Please pastebin the code you’re trying to minify / beautify if you find a problem. PM me the link if it isn’t something that you want to publicly share.

MrgamesNwatch · December 29, 2014, 8:22am

Very cool, minifying worked on all but on of my scripts in my game.
I narrowed it down to a single function in a module.

output:

Tokens[-3] = `.`
Tokens[-2] = `Print`
Tokens[-1] = `(`
Tokens[0] = `...`
Tokens[1] = `)`
Tokens[2] = `if`
Tokens[3] = `module`
03:04:50.673 - Plugin_197760456.MinifyPlugin.LuaSyntaxToolset:458: 21:23: `)` expected.
03:04:50.675 - Script 'Plugin_197760456.MinifyPlugin.LuaSyntaxToolset', Line 458 - upvalue expect
03:04:50.676 - Script 'Plugin_197760456.MinifyPlugin.LuaSyntaxToolset', Line 648 - upvalue funcdecl
03:04:50.677 - Script 'Plugin_197760456.MinifyPlugin.LuaSyntaxToolset', Line 1264 - upvalue statement
03:04:50.678 - Script 'Plugin_197760456.MinifyPlugin.LuaSyntaxToolset', Line 1284 - local block
03:04:50.680 - Script 'Plugin_197760456.MinifyPlugin.LuaSyntaxToolset', Line 1315 - global CreateLuaParser
03:04:50.684 - Script 'Plugin_197760456.MinifyPlugin.LuaSyntaxToolset', Line 3168 - field Minify
03:04:50.686 - Script 'Plugin_197760456.MinifyPlugin', Line 131
03:04:50.687 - Stack End

Code:

local module = {}

module.Enabled = true

function module.Print(...)
	if module.Enabled then
		print(...)
	end
end

return module

Beautifying minified scripts seems to work too, at least on the one script I tried it out on.

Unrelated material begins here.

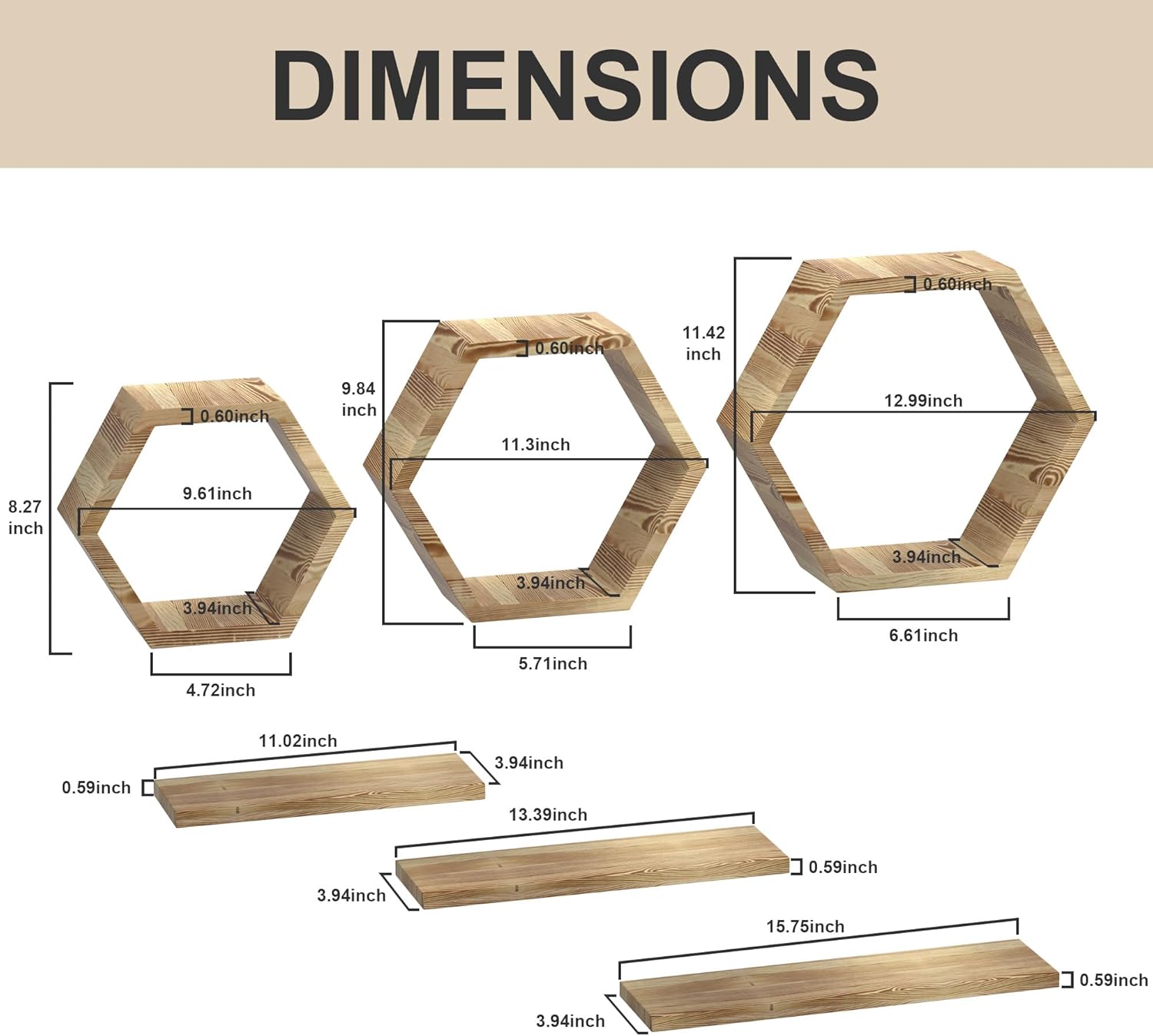 - ăSize PackageăYou can receive 3 different sizes of hexagonal shelves (large: 12.99*11.42*3.94 inches, medium: 11.3*9.84*3.94 inches, small: 9.61*8.27*3.94 inches) and 3 different sizes of floating shelves (large: 15.75*3.94*0.59 inches, medium: 13.39*3.94*0.59 inches, small: 11.02*3.94*0.59 inches). If there is any problem or dissatisfaction, please do not hesitate to let us know and we will try our best to solve your problem.

stravant · December 29, 2014, 8:43am

Fixed.
I forgot to hook up the code to handle variable argument functions.

appropriations · December 29, 2014, 2:07pm

That’s cool.

I installed it even though I probably won’t have any real use for it. Might use it on LocalScripts to obfuscate though.

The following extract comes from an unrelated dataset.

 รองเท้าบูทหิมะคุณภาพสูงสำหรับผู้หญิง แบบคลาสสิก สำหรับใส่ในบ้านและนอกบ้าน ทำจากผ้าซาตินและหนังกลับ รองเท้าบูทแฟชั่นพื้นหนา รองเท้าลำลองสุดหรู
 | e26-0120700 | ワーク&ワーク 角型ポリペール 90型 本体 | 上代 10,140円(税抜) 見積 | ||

Just a suggestion: to make it even harder to read when you minify (for obfuscation purposes), replace the spaces that you have at the end of a statement/line with a semicolon. Or at least make it an option.
Also could you add an option that adds semi-colons when you beautify? I’m so used to them, the code looks weird without them.

Elmuowo · December 29, 2014, 2:40pm

The minifier seems to minify the variable “script” like the following, leading into malfunction

Without minify:

script.Parent:Destroy()

With minify:

j.Parent:Destroy()

stravant · December 29, 2014, 9:30pm

“The minifier seems to minify the variable “script” like the following, leading into malfunction”

That should only happen if you have a local variable called “script”, or overwrite the variable “script” (In which case the minifier thinks that you created the variable “script”, hence it can safely rename it, that’s one of the caveats to using the “rename globals” option, described under it)

Do you have an example of it doing otherwise?